Required action: Would you please set down, word for word, the lines from the one with "- 2枚の超高度非球面XA(extreme aspherical)レンズにより実現された画面全域での高い解像性能と点像再現性" through the final line of the data below, omitting any pictures?

Information provided:
========
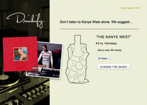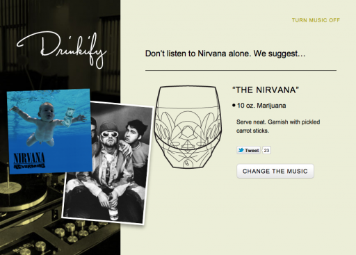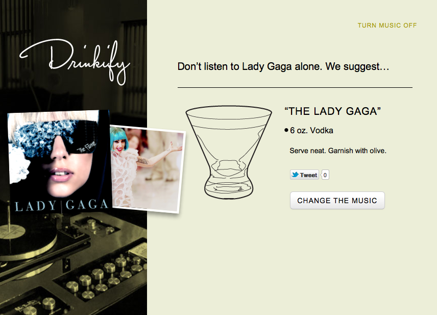 Grappige site: Drinkify. Typ je favoriete muzikant of band in, en je krijgt direct een matching cocktailrecept. Mooi vormgegeven en erg kloppend.
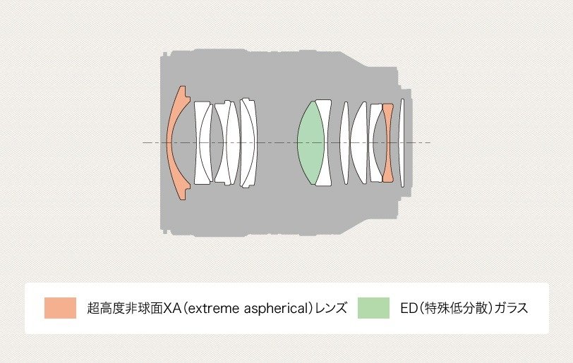 - 2枚の超高度非球面XA(extreme aspherical)レンズにより実現された画面全域での高い解像性能と点像再現性
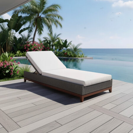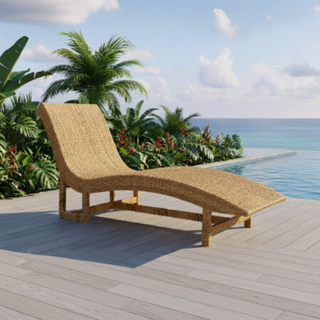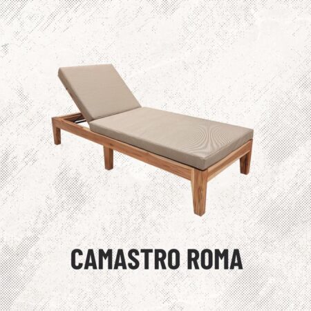 Camastro fabricado con un armazón de aluminio y una base de madera, tejido con rejilla sintética de alta calidad, cojines en tela sumbrella con espuma de alta densidad.
========
Answer below:
 - 2枚の超高度非球面XA(extreme aspherical)レンズにより実現された画面全域での高い解像性能と点像再現性
 Camastro fabricado con un armazón de aluminio y una base de madera, tejido con rejilla sintética de alta calidad, cojines en tela sumbrella con espuma de alta densidad.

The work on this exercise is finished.